_Assignment_:
Repeat the full listing below verbatim and keep the images out.
- - - - -
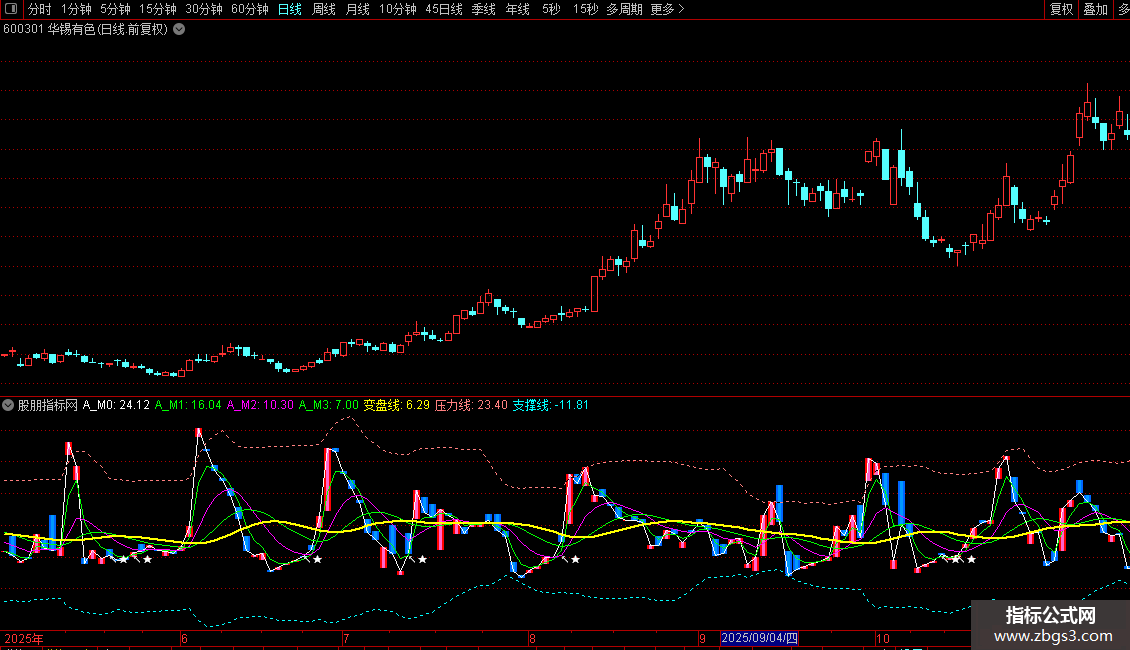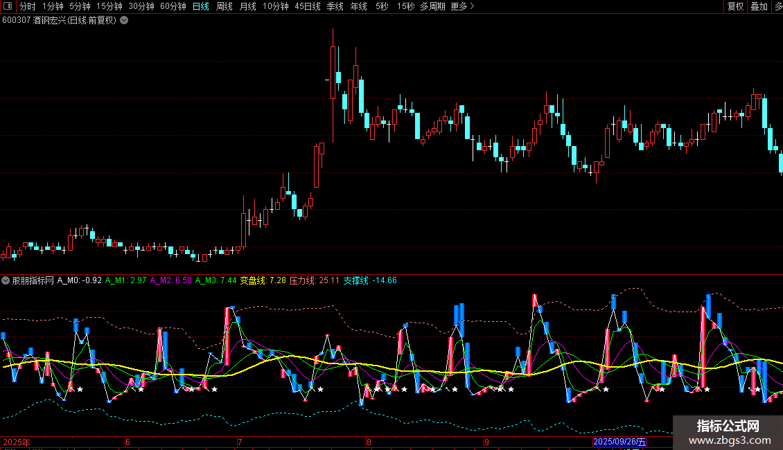 DRAWTEXT(CROSS(KML,0) AND A_M1<变盘线 AND KML<变盘线,0-0.8,'↖★'),COLORWHITE;
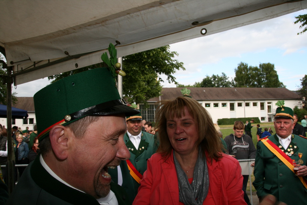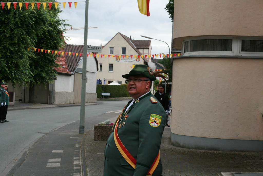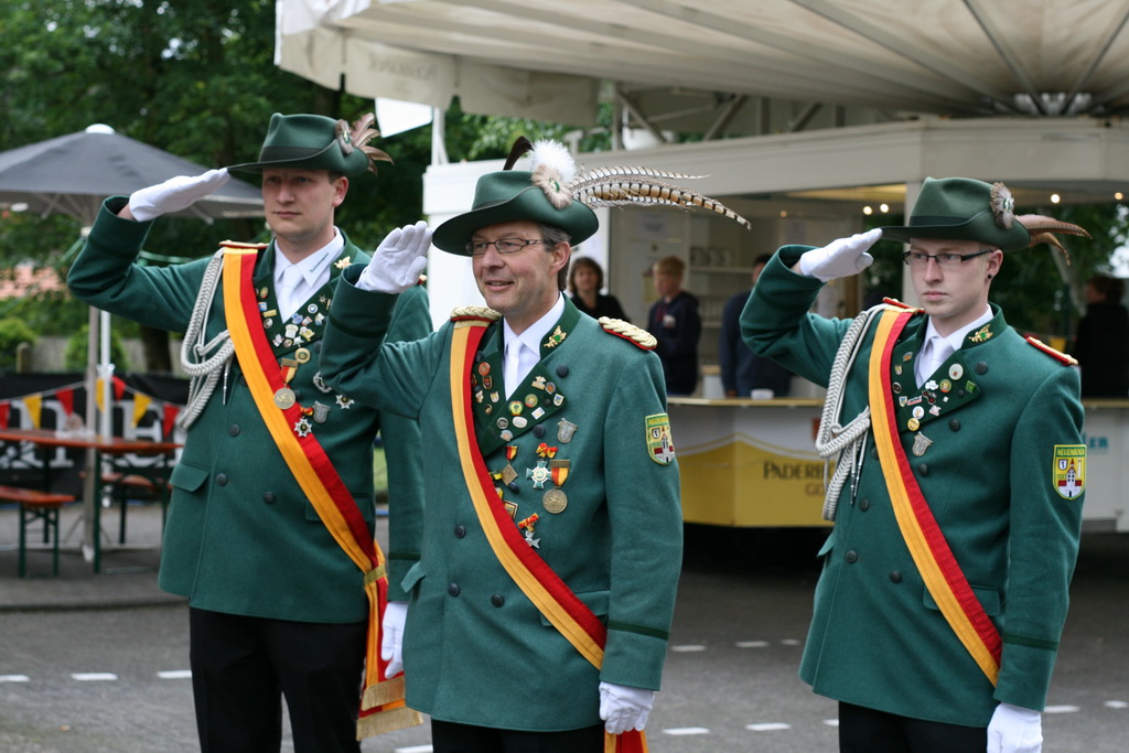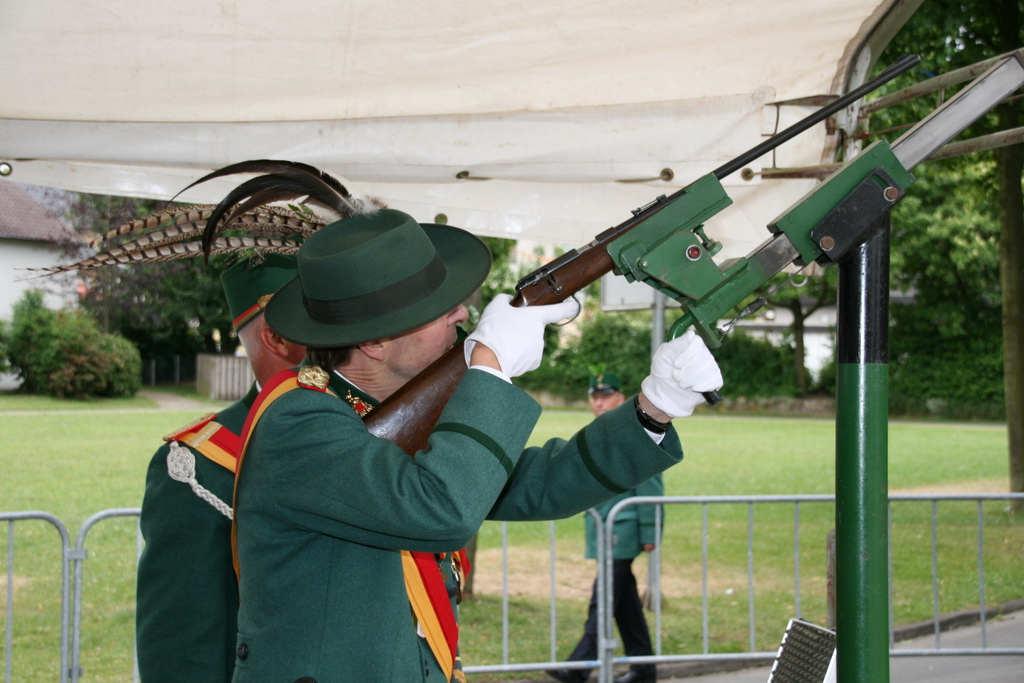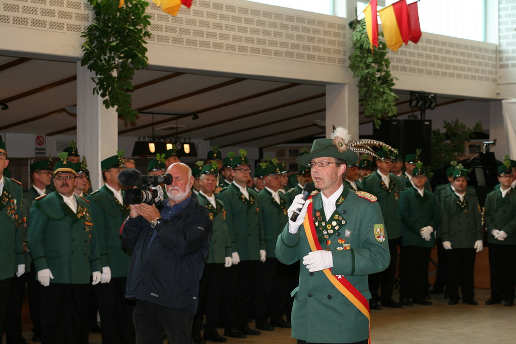 Pünktlich um 14:30 Uhr konnte Oberstleutnant Gerald Rüngeler die Schützen am Antreteplatz bei der Gaststätte „Zur Jägerlust“ begrüßen und bei seiner Meldung an Oberst Norbert Franke „volles Haus“ angeben.
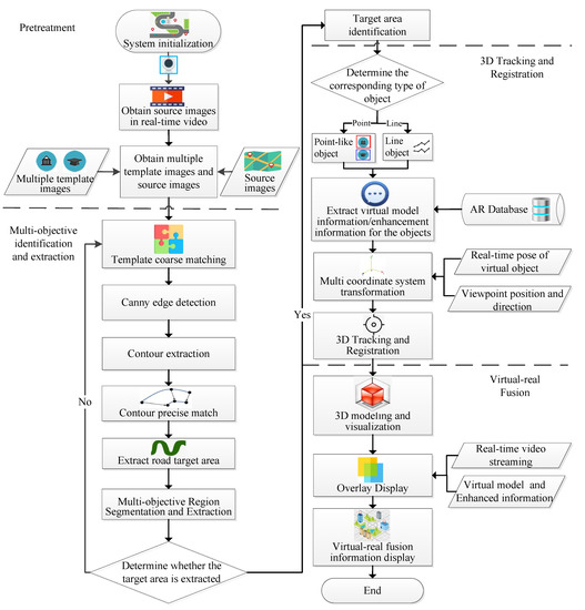 ARMap V2.0 system mainly includes an identification and extraction module of unmarked map elements, an augmented information acquisition module, a 3D tracking and registration module, and a 3D modeling and virtual–real fusion display module. The identification and extraction module of unmarked map elements can effectively extract point-like and line map elements and then accurately identify map elements in real-time. Through the identified map elements, the 3D tracking and registration module is used to realize the unmarked tracking and registration of planar map element images. The 3D modeling and virtual–real fusion display module is used to build 3D models and obtain augmented information so as to achieve a more accurate virtual–real fusion effect.
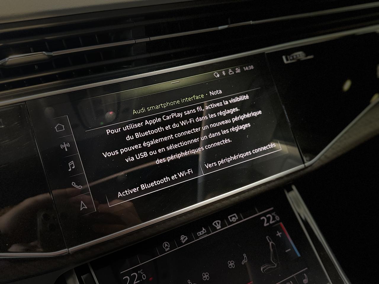 Nombreuses options : GPS, caméra périphériques 360°, Apple CarPlay, radars avants et arrières de détection d'obstacles, Jantes en alu coulé Audi Sport style étoile à 5 branches en V, en Noir Anthracite Brillant, tournées brillantes en 10Jx22" ( 4 175 € ), Assistant de vision nocturne ( 2 066 € ), Chauffage/ventilation stationnaire ( 1 708 € ), Toit panoramique en verre ( 1 566 € ), Projecteurs HD Matrix LED ( 1 666 € ), Affichage tête haute ( 1 375 € ), Sellerie combinée Cuir Valcona/Cuir Cricket ( 1 333 € ), Sièges AV ventilés ( 1 083 € ), Sièges à Contours Individuels ( 1 075 € ), Adaptive Air Suspension ( 941 € ), Climatisation automatique Confort 4 zones AV/AR ( 791 € ), Clé confort avec déverrouillage du coffre commandé par capteur y compris cache-bagages électrique (sans safelock) ( 700 € ), Applications décoratives en bois d'Eucalyptus ondulé Gris Basalte Naturel ( 625 € ), Rideau pare-soleil électrique pour la lunette AR + rideaux manuels pour les vitres de portières AR ( 591 € ), Vitrage acoustique pour les vitres latérales, meilleure isolation phonique grâce au double vitrage ( 500 € ), Audi phone box ( 500 € ), Vitres AR surteintées (Vitrage Privacy) ( 450 € ), Sièges AV chauffants ( 400 € ), Rampes de pavillon Noires ( 400 € ), Airbags latéraux AV/AR incluant système d’airbags de tête ( 400 € ), Essuie-glace adaptatifs avec buses de lavage intégrées ( 416 € ), Pare-brise athermique dégivrant/acoustique ( 316 € ), Lave-phares haute pression ( 308 € ), Touches de commande façon verre en noir avec réponse haptique incluant style aluminium étendu ( 291 € ), Eclairage au sol avec projection de logo par technologie LED ( 250 € ), Banquette AR plus ( 216 € ), Appuie-tête variables pour les sièges AV ( 150 € ), Filet de séparation ( 91 € ), Pare-soleil extensible ( 66 € ), Bang & Olufsen Premium Sound System avec son en 3D ( 1 133 € ), Direction intégrale dynamique ( 1 133 € ), Caméra de reconnaissance et lecture des panneaux de circulation, Caméra multifonction pour systèmes d'assistance à la conduite, Audi parking system plus avec protection latérale active, Audi pre sense rear, Audi Virtual Cockpit, Alerte de trafic transversal AR, Assistant de croisement, Assistant de changement de voie, Avertissement de franchissement de ligne incluant assistant de freinage d’urgence, Avertisseur de sortie du véhicule, Pack Éclairage intérieur à LED, Eclairage de contour de la console centrale, Moulures de seuil de portes éclairées avec insert en alu à l’AV/AR et inscription "S" à l'AV, Barrette du diffuseur en Gris Platine mat, Baguette des feux AR en chrome, Baguettes décoratives encadrant les vitres latérales, Diffuseur AR en Noir Titane mat, Extensions de bas de caisse spécifiques S, laquées dans la couleur de carrosserie avec inserts en Gris Platine mat, Inscription S line sur les ailes AV, Masque Singleframe en Gris Platine mat, Calandre Audi Singleframe, Calandre en Noir Titane avec cadre en chrome, Pare-chocs AV/AR noirs, Pare-chocs spécifiques S AV/AR avec inserts spécifiques S line, Peinture intégrale unie, Prises d’air latérales à l’AV en Noir Titane mat, Protection seuil de chargement en acier inoxydable, Protections anti-encastrement à l'AV et à l'AR en Gris Platine mat, Rampes de pavillon Noires, ...
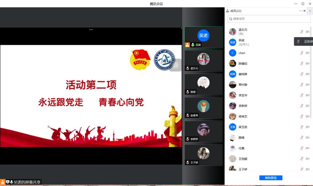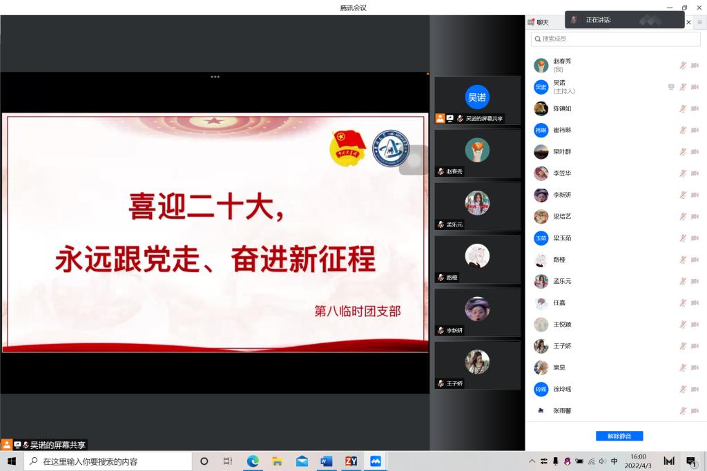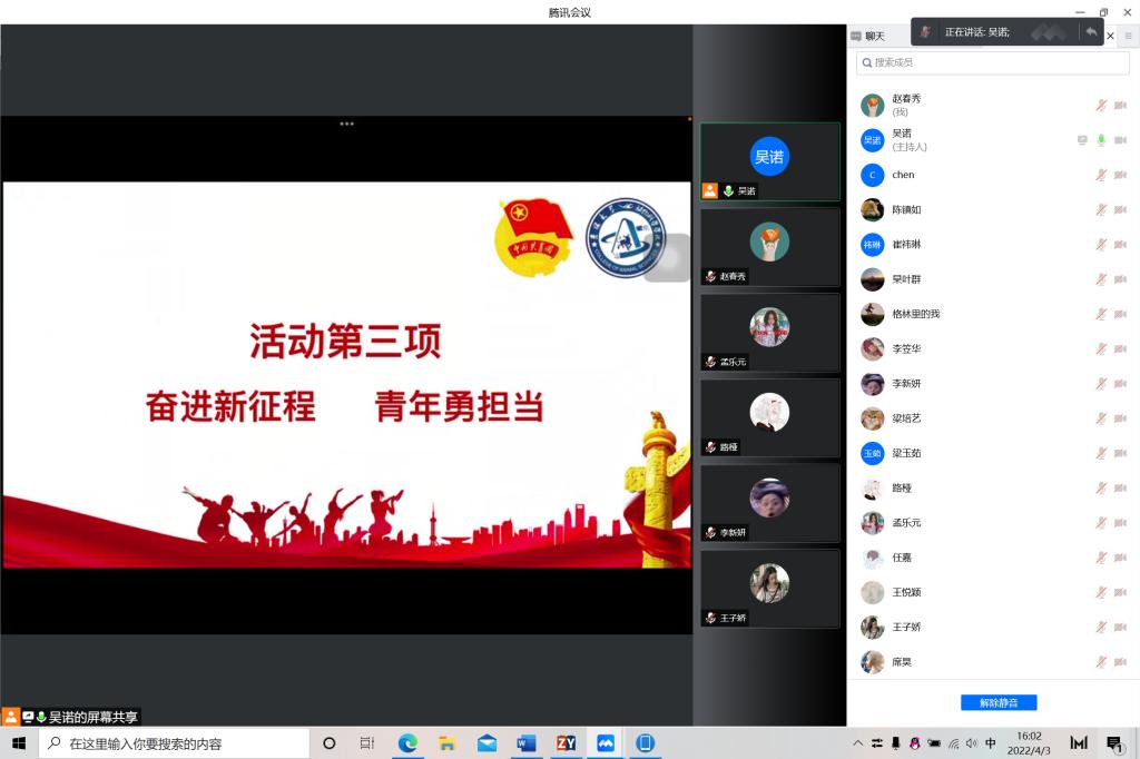 今年是中国共产主义青年团成立一百周年,是党的二十大召开之年,也正是抗疫防控的关键时刻。为贯彻落实“两会”精神,迎接二十大召开,引领广大团员青年坚定跟党走、成才报国信念,教育广大团员青年遵守疫情防控要求,2022年4月3日,米乐mile官方网站第八临时团支部开展“喜迎二十大、永远跟党走、奋进新征程”主题团日活动,米乐mile官方网站第八临时团支部全体同学积极参与本次活动。活动由团支书吴诺主持。
- - - - -
_Task response_:
 DRAWTEXT(CROSS(KML,0) AND A_M1<变盘线 AND KML<变盘线,0-0.8,'↖★'),COLORWHITE;
 Pünktlich um 14:30 Uhr konnte Oberstleutnant Gerald Rüngeler die Schützen am Antreteplatz bei der Gaststätte „Zur Jägerlust“ begrüßen und bei seiner Meldung an Oberst Norbert Franke „volles Haus“ angeben.
 ARMap V2.0 system mainly includes an identification and extraction module of unmarked map elements, an augmented information acquisition module, a 3D tracking and registration module, and a 3D modeling and virtual–real fusion display module. The identification and extraction module of unmarked map elements can effectively extract point-like and line map elements and then accurately identify map elements in real-time. Through the identified map elements, the 3D tracking and registration module is used to realize the unmarked tracking and registration of planar map element images. The 3D modeling and virtual–real fusion display module is used to build 3D models and obtain augmented information so as to achieve a more accurate virtual–real fusion effect.
 Nombreuses options : GPS, caméra périphériques 360°, Apple CarPlay, radars avants et arrières de détection d'obstacles, Jantes en alu coulé Audi Sport style étoile à 5 branches en V, en Noir Anthracite Brillant, tournées brillantes en 10Jx22" ( 4 175 € ), Assistant de vision nocturne ( 2 066 € ), Chauffage/ventilation stationnaire ( 1 708 € ), Toit panoramique en verre ( 1 566 € ), Projecteurs HD Matrix LED ( 1 666 € ), Affichage tête haute ( 1 375 € ), Sellerie combinée Cuir Valcona/Cuir Cricket ( 1 333 € ), Sièges AV ventilés ( 1 083 € ), Sièges à Contours Individuels ( 1 075 € ), Adaptive Air Suspension ( 941 € ), Climatisation automatique Confort 4 zones AV/AR ( 791 € ), Clé confort avec déverrouillage du coffre commandé par capteur y compris cache-bagages électrique (sans safelock) ( 700 € ), Applications décoratives en bois d'Eucalyptus ondulé Gris Basalte Naturel ( 625 € ), Rideau pare-soleil électrique pour la lunette AR + rideaux manuels pour les vitres de portières AR ( 591 € ), Vitrage acoustique pour les vitres latérales, meilleure isolation phonique grâce au double vitrage ( 500 € ), Audi phone box ( 500 € ), Vitres AR surteintées (Vitrage Privacy) ( 450 € ), Sièges AV chauffants ( 400 € ), Rampes de pavillon Noires ( 400 € ), Airbags latéraux AV/AR incluant système d’airbags de tête ( 400 € ), Essuie-glace adaptatifs avec buses de lavage intégrées ( 416 € ), Pare-brise athermique dégivrant/acoustique ( 316 € ), Lave-phares haute pression ( 308 € ), Touches de commande façon verre en noir avec réponse haptique incluant style aluminium étendu ( 291 € ), Eclairage au sol avec projection de logo par technologie LED ( 250 € ), Banquette AR plus ( 216 € ), Appuie-tête variables pour les sièges AV ( 150 € ), Filet de séparation ( 91 € ), Pare-soleil extensible ( 66 € ), Bang & Olufsen Premium Sound System avec son en 3D ( 1 133 € ), Direction intégrale dynamique ( 1 133 € ), Caméra de reconnaissance et lecture des panneaux de circulation, Caméra multifonction pour systèmes d'assistance à la conduite, Audi parking system plus avec protection latérale active, Audi pre sense rear, Audi Virtual Cockpit, Alerte de trafic transversal AR, Assistant de croisement, Assistant de changement de voie, Avertissement de franchissement de ligne incluant assistant de freinage d’urgence, Avertisseur de sortie du véhicule, Pack Éclairage intérieur à LED, Eclairage de contour de la console centrale, Moulures de seuil de portes éclairées avec insert en alu à l’AV/AR et inscription "S" à l'AV, Barrette du diffuseur en Gris Platine mat, Baguette des feux AR en chrome, Baguettes décoratives encadrant les vitres latérales, Diffuseur AR en Noir Titane mat, Extensions de bas de caisse spécifiques S, laquées dans la couleur de carrosserie avec inserts en Gris Platine mat, Inscription S line sur les ailes AV, Masque Singleframe en Gris Platine mat, Calandre Audi Singleframe, Calandre en Noir Titane avec cadre en chrome, Pare-chocs AV/AR noirs, Pare-chocs spécifiques S AV/AR avec inserts spécifiques S line, Peinture intégrale unie, Prises d’air latérales à l’AV en Noir Titane mat, Protection seuil de chargement en acier inoxydable, Protections anti-encastrement à l'AV et à l'AR en Gris Platine mat, Rampes de pavillon Noires, ...
 今年是中国共产主义青年团成立一百周年,是党的二十大召开之年,也正是抗疫防控的关键时刻。为贯彻落实“两会”精神,迎接二十大召开,引领广大团员青年坚定跟党走、成才报国信念,教育广大团员青年遵守疫情防控要求,2022年4月3日,米乐mile官方网站第八临时团支部开展“喜迎二十大、永远跟党走、奋进新征程”主题团日活动,米乐mile官方网站第八临时团支部全体同学积极参与本次活动。活动由团支书吴诺主持。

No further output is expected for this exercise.